Join Sets
Join sets are a core mechanism for handling structured concurrency and asynchronous operations in Obelisk workflows. A join set represents a collection of pending operations (like activity calls or spawned child workflows). A workflow can interact with a join set in the following ways:
-
Create a Join Set: A workflow can create zero to many join sets, each is initially empty.
-
Add Operations to a Join Set: When a workflow spawns a child execution (workflow, activity), the execution is associated with a join set.
-
Await Results: The workflow can use the
-await-next
extension orjoin-next
support function to wait for the next operation in that set to complete.
Defining Features
-
Completion Order: Operations in a join set are completed in an arbitrary order (determined by when the underlying activities or workflows finish). The
await-next
call returns results in the order they become available. This does not break the determinism, as responses maintain their own ordering. -
Persistence: The state of join sets is persisted in the execution log, ensuring that workflows can resume correctly after failures.
Join Set Kinds
There are three kinds of join sets:
- One-off - created by the Obelisk runtime when the workflow calls an activity or a child workflow directly.
- Named - created by the workflow using the
new-join-set-named
function. - Generated - created by the workflow using the
new-join-set-generated
function.
Allowed Named Join Set Charset
The name of a join set is limited to the following charset: Alphanumeric characters (both upper and lower case), and these special characters: _-/
See Join Set ID for details.
API
The API for join sets is as defined in
workflow-support.wit
.
To create a join set in Rust, use
let named = new_join_set_named("some-name", ClosingStrategy::Complete).unwrap(); // See allowed join set characters
let generated = new_join_set_generated(ClosingStrategy::Complete)
One-off (implicit) Join Set
The following example uses join sets implicitly by calling the child executions directly.
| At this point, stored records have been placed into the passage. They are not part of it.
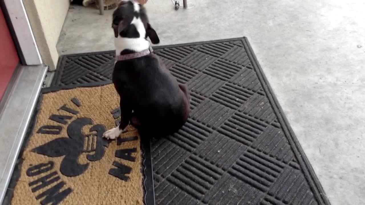 A Boston Terrier dog sits on a doormat outdoors and spins on its butt to scratch an itch. A man and woman are audible.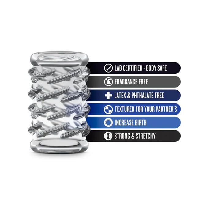 This stretchy cock enhancement sleeve is a simple way to add a new level of pleasure and sensation to your penis, favorite dildo or vibrator. Just slide the sleeve over your shaft. Stack them for even more pleasure. Buy more so you can mix and match and stack them to create a unique erotic experience every time. Easy to use, and stays in place. Measures 2" Length x 1.4" Width. Comfortably stretches up to 3" Wide. Maximum stretch to 5" Width. Lab tested body safe. Silicone, water based, hybrid lube compatible.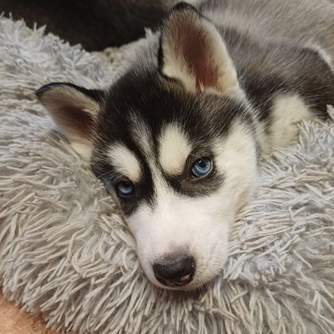 Hon är en intelligent Alskan husky som är sex månader gammal. Hon har ett blått öga med två bruna prickar i och ett brunt öga som har blått i sig, så riktigt ovanligt men vackert. Hon har levt med både katter, kaniner och hundar. Det har fungerat jättebra. Hon är inte det minsta dominant utan visar sig undergiven när hon möter nya hundar. Hon är lekfull och älskar att springa efter pinnar eller andra leksaker. Hon är väldigt kärleksfull och gillar att vara nära och gosa, sover alltid bredvid en i sängen och blir överlycklig när man vaknar. Hon ligger gärna bredvid dig i soffan framför teven. Hon har lätt för att lära som huskies brukar ha. Däremot är hon inte högljudd som många huskies brukar vara. Hon är även rumsren och kommer på inkallning.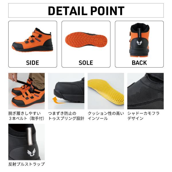 プロスニーカー MW-3300は、作業環境での安全性と快適性を追求したセーフティシューズです。合成皮革と合成繊維を使用したアッパーは耐久性に優れ、EVAとラバーのソールが優れたクッション性を提供します。さらに、樹脂製の先芯が足をしっかりと保護し、反射素材が夜間の視認性を向上させます。つまずき防止設計により、運送業や屋内作業、一般作業に最適です。片足約350gの軽量設計で、長時間の作業でも疲れにくい仕様です。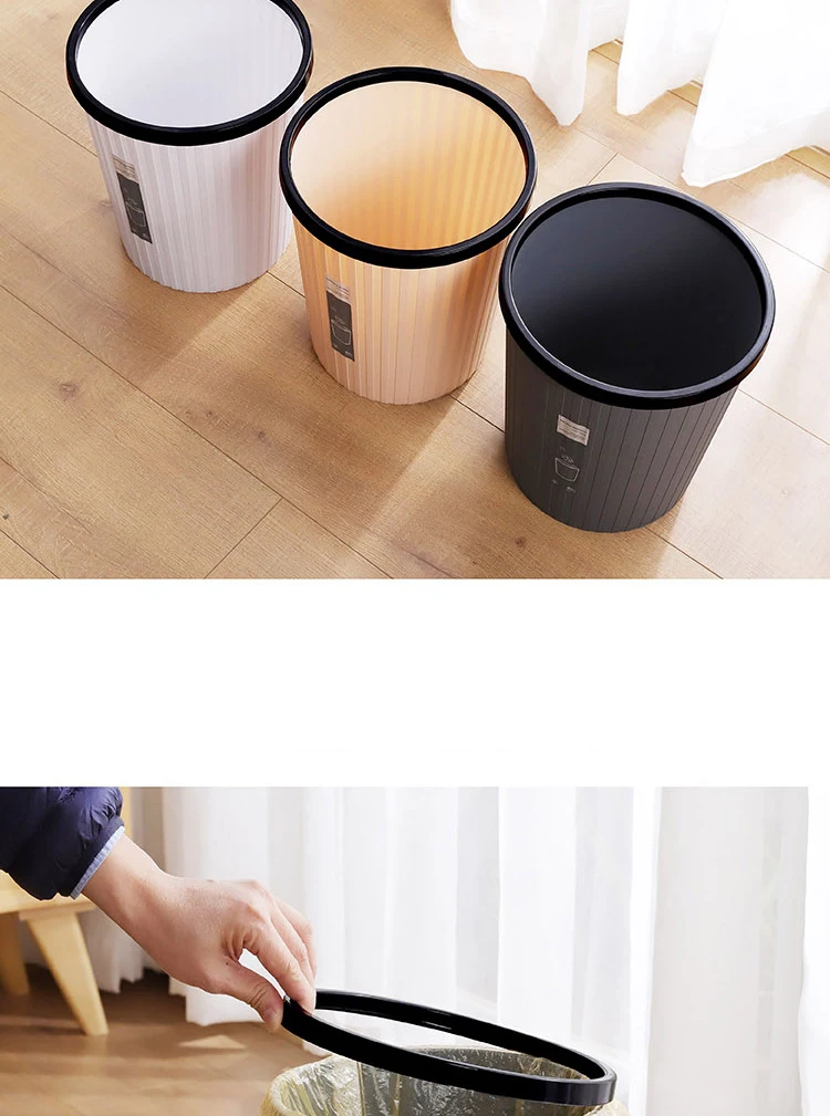 this is a nordic Style Creative Simple Trash Can Household Without cover Wastebasket Kitchen Bathroom Living Room Striped Trash Can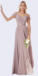 Enjoy the evening in this beautiful floor length chiffon A-line gown by Cinderella Divine CD0156. This dress features a cold shoulder strap, pleating and a satin belt line. Have a great and memorable time wearing this flowy dress at your next formal occasion.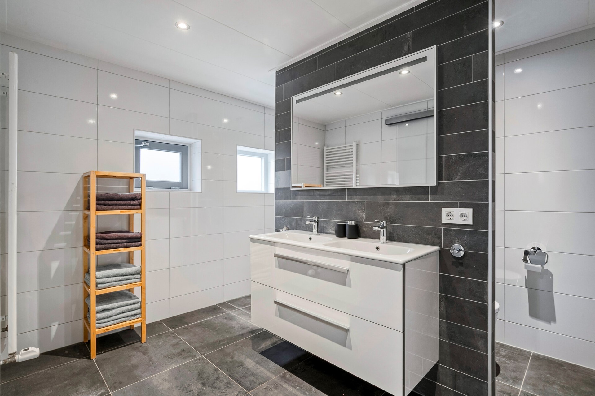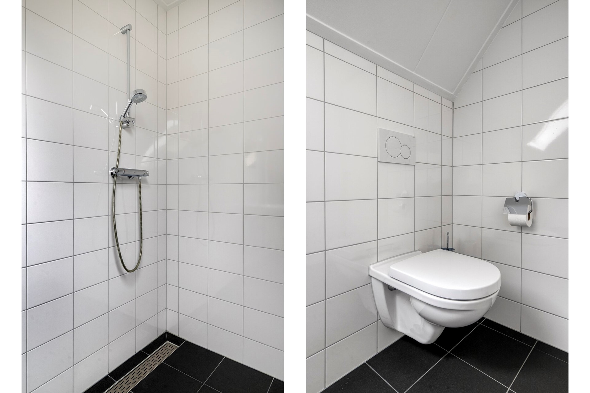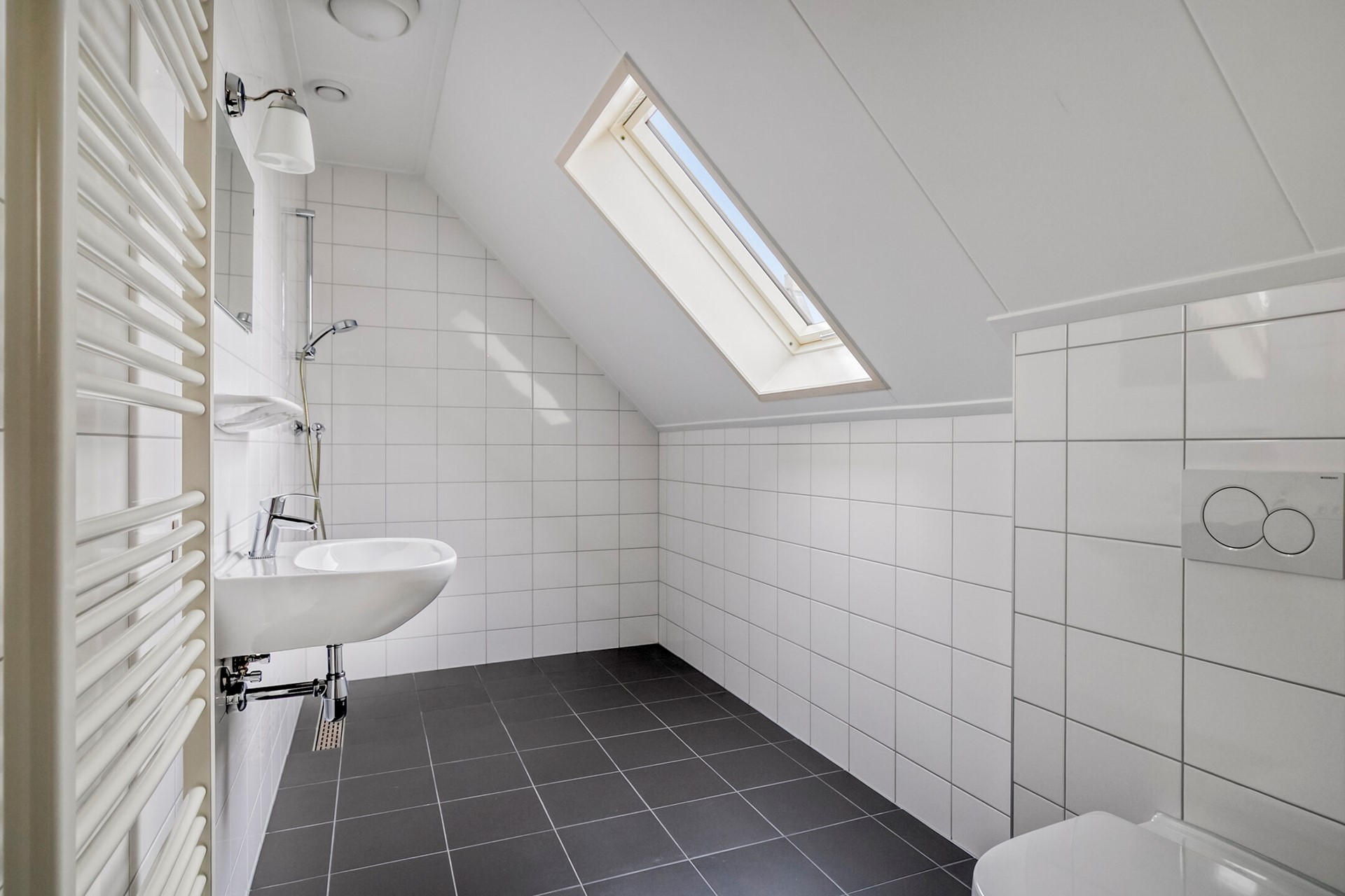 Op de eerste verdieping treffen we de overloop met toegang tot een bergruimte (incl. mechanische ventilatie, CV-ketel), een tweede badkamer en twee slaapkamers. De tweede badkamer is voorzien van een toilet, wastafel en inloopdouche. De twee slaapkamers zijn van goed formaat. Vanaf de overloop is er ook nog toegang middels een vlizotrap tot de vliering.

Each call marked as 1-5 will create a one-off join set and await the result.
fn star_added(login: String, repo: String) -> Result<(), String> {
// 1. Persist the user giving a star to the project.
let description = db::user::add_star_get_description(&login, &repo)?; // Create a one-off join set implicitly.
if description.is_none() {
// 2. Fetch the account info from GitHub.
let info = github::account::account_info(&login)?; // Create a one-off join set implicitly.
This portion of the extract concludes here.